Ah shit. Here it came. Her confession would blindside him after he’d convinced himself she really had tried to escape her aunt. He could see how it would unfold and hated what he would have to do, but he was completely helpless to stop the end result. “I’m listening.”
“I ran packages for my parents as a child without knowing. After they died, I continued, but understood my actions. I transported drugs for my aunt, and I smiled at men to get them to tell me things.” Her tumbling confession began to stutter. “S-s-sometimes I did more.”
He numbed himself, almost. For some reason his normal defenses weren’t working at optimum levels.
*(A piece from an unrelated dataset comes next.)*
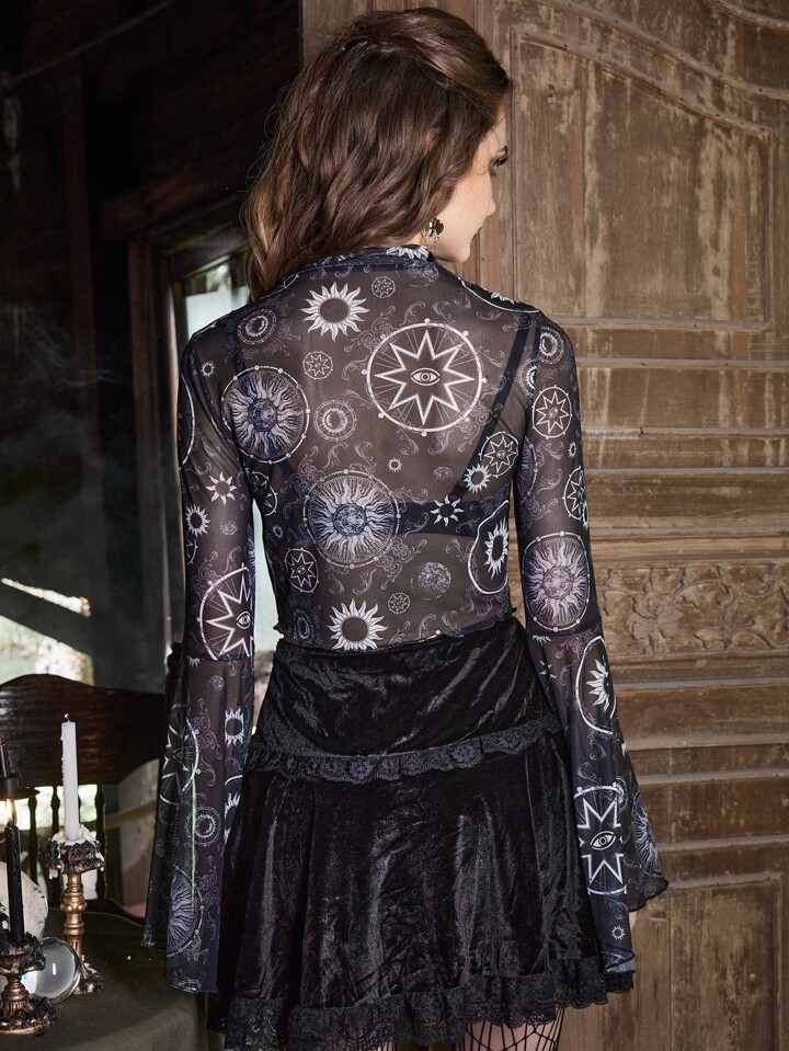 Goth Top court à manches cloche galaxie transparent (sans soutien-gorge)

Her revelation explained the sadness and regret, and yeah, even shame he saw in her, her sense that she could never be just an ordinary girl on a date to a ball game.
“I am not proud of what I did, and I will not make excuses.” She studied the shortstop as he fielded a routine ground ball. “I knew what I did was wrong. Plenty of people are scared and still choose to do what is right. I did not stop until she asked me to kill someone. That is a line I could not cross. That is the day I went to the police.”
“The time you discovered the cops were on the take.”
“On the take?” Then her face cleared. “Right. That is also when I began saving to leave, to become clean. How silly of me to think I could escape her reach.”
Relief funneled through him. How damn strange that hearing her confession made him trust her more. Maybe because he was beginning to really grasp what she already knew about quirks and layers to people.
“What sort of things has your aunt kept?”
Anya blinked fast, confusion skirting across her eyes. “She has a ring from her mother, and she carries a cigar clipper with her always. She told me once it belonged to her uncle, Radko.”
Radko. He made a mental note to look up more on the guy.
“She told me one day that ring would be mine. I do not want anything from her, but still, it seems strange knowing that I will never have that ruby.” Her dark eyes softened with sentimentality. “Just as it makes me sad I will not kiss you again.”
Her surprise admission cleaned his clock like a ball upside a batter’s helmet—for all of one shouted call from the ump. Nunez tucked a knuckle under her chin and tipped her face to his. He skimmed his mouth over hers once, again, lingering.
“Get a room, dude,” called a teenage batboy staring up at them from the first base line.
Anya’s smile stroked his kiss for a final second before they eased apart. “I know your last name is Nunez. What is your first name?”